# Shapeshifter et Next ..



## fabrice.jc (28 Janvier 2006)

Bonjour,

Je suis sous Tiger et j'utilise Shapeshifter 2.2.

J'ai essayé d'appliquer le thème de Next2 de Swizboy et mes boutons de fenêtres sont verts?????

Y-a-t-il une solution?

Merci.


----------



## Anonyme (28 Janvier 2006)

Le thème n'est pas compatible avec Tiger tout simplement, c'est un thème Panther.


----------



## fabrice.jc (28 Janvier 2006)

C'est ce que je craignais, je suis en train de travailler le thème avec Theme Park pour le rendre compatible Tiger.

J'ai une chance?


----------



## Membre supprimé 2 (28 Janvier 2006)

Bien sûr, il n'y a pas de raison  
Ce post pourra t'être utile  
+ d'infos si tu parles Anglais ici


----------



## fabrice.jc (28 Janvier 2006)

Merci Woa, ça fait vraiment du bien d'avoir de l'aide en français.

Même l'aide de ThemePark n'est pas aussi détaillée???  

J'ai envoyé un mail à l'auteur où se trouvait le binz et comment le "réparer".

Bon y a plus qu' à travailler. Merci encore. :love:


----------



## ultra' (28 Janvier 2006)

Themepark est en cours d'update afin qu'il soit plus facile d'utilisation, il devrait être dispo d'ici très très très peu de temps.

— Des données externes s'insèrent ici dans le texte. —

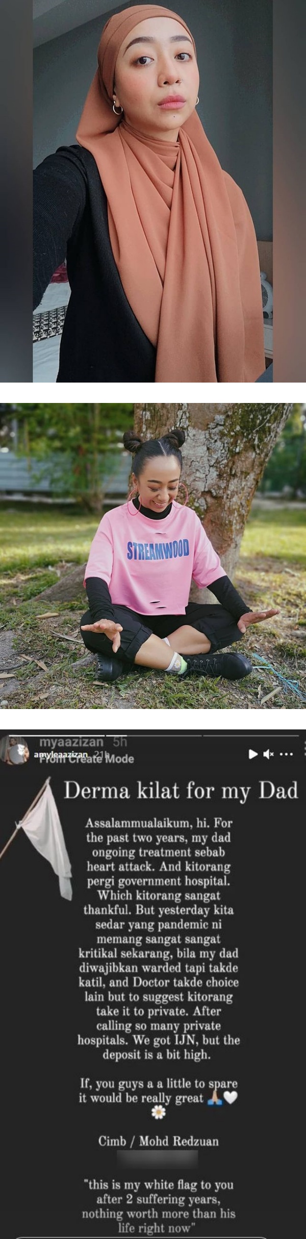 35岁大马歌手Amylea Azizan日前在社交媒体上举白旗,希望为患有心脏病的父亲筹募私人医院费用,她称,“我们别无选择,如果不带我爸去私人医院,我们会痛失了爸爸”。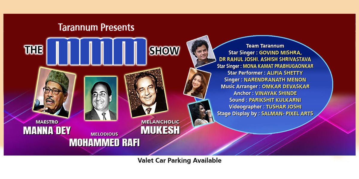Prepare for a chaste collection of legendary renditions, celebrating the timeless artistry of three of India's greatest voices: Manna Dey, Mohammed Rafi, and Mukesh. This event invites you to witness the classical wizardry of Manna Dey Saheb, the divine expression of Rafi Saheb, and the deeply emotive style of Mukeshji.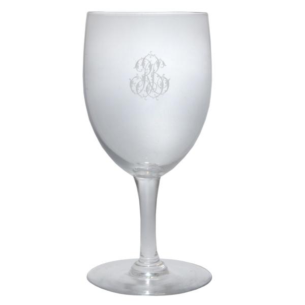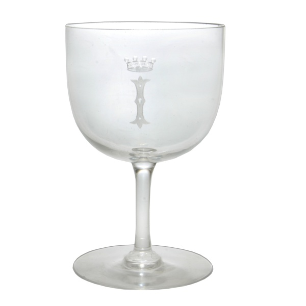 • IMPERIO BRASILEIRO. BARÃO DO IBIROCAI - Cálice em cristal translucido pertencente ao Primeiro e único Serviço do Barão de Ibirocaí (Luís de Freitas Vale). Bojo liso apresentando a inicial encimado por coroa. 13 cm.
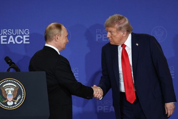 2025年8月15日、アラスカ州アンカレッジで行われたトランプ米大統領(右)とロシアのプーチン大統領の会談(ⒸPresident of Russia Office apai/APA Images via ZUMA Press Wire/共同通信イメージズ)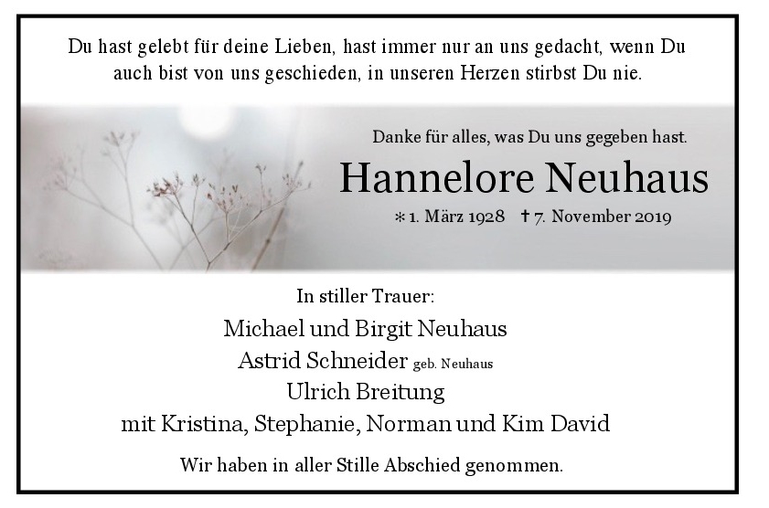 in diesen Tagen fühlen wir mit Ihnen und wünschen Ihnen von Herzen, dass Sie aus den glücklichen Erinnerungen Kraft schöpfen, um positiv in die Zukunft zu gehen.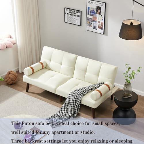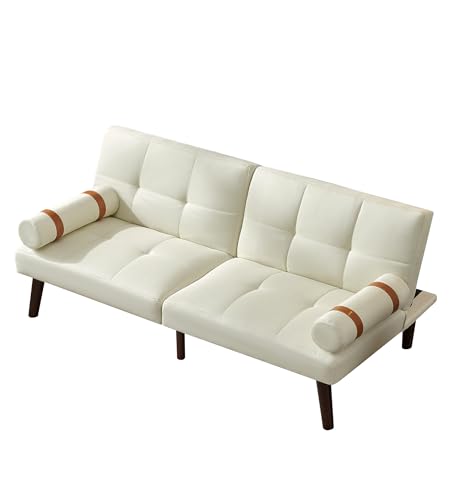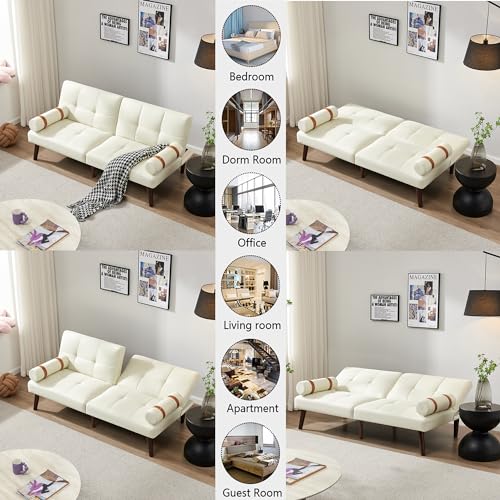 Modern Futon Sofa Bed,Convertible Futon Sleeper Couch with 2 Removable Arms,Loveseat Sofa Bed with Adjustable Split Backrest for Living Room,Bedroom,Apartment,Office (Light Green)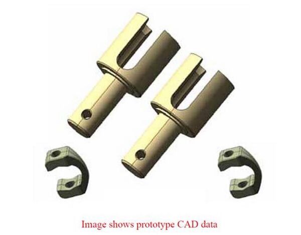 This cup joint set is made of aluminum and it's made to be used with the TA-06 gear differential unit. The standard cup joints are made of steel. The new aluminum cup joints also feature drive shaft pin protectors, also known as "blades" so the wear and tear to the cup joint is prolonged.

Le créateur travaille dans le même temps à l'update de Shapeshifter, c'est pour cette raison que ça met autant de temps, mais on ne peut pas lui en vouloir 

Woa=>merci pour le lien vers le tuto themepark d'imagine


----------



## fabrice.jc (28 Janvier 2006)

Je crois que je vais prendre mon mal en patience: j'arrive à rien avec l'upgrade de "mon" thème.

C'est plus vert, c'est Aqua avec titres de menus noirs sur fonds JAUNES???  

Bon, bien, merci quand même.

Merci à Ultraman pour tes infos toutes fraîches qui me laissent croire à mon projet. :sleep:

P.S.: Félicitations pour tes sites très réussis et superbemment soignés.


----------



## Anonyme (29 Janvier 2006)

Tu dois faire "Merged With Installed Elements" pour ne pas avoir le look aqua.


----------



## fabrice.jc (31 Janvier 2006)

Ca y est j'abandonne shapeshifter qui est trop gourmand en ressources.

J'ai trouvé un truc plus fastidieux mais qui est plus enrichissant: il suffit d'éditer les fichiers rsrc de ThemePark sans plus ce soucier de ces satannés guikit qui ne correspondent jamais à ceux que l'on désire .

Mais pourquoi donc personne ne propose de fichiers rsrc à télécharger directement ça nous simplifierait la vie non ? Existe-t-il des sites de ce genre? J'en ai pas trouvé sur google.


----------



## Anonyme (31 Janvier 2006)

Il existe peu de thèmes comme cela car ShapeShifter est très utilisé.


----------



## fabrice.jc (1 Février 2006)

Dommage :rateau:


----------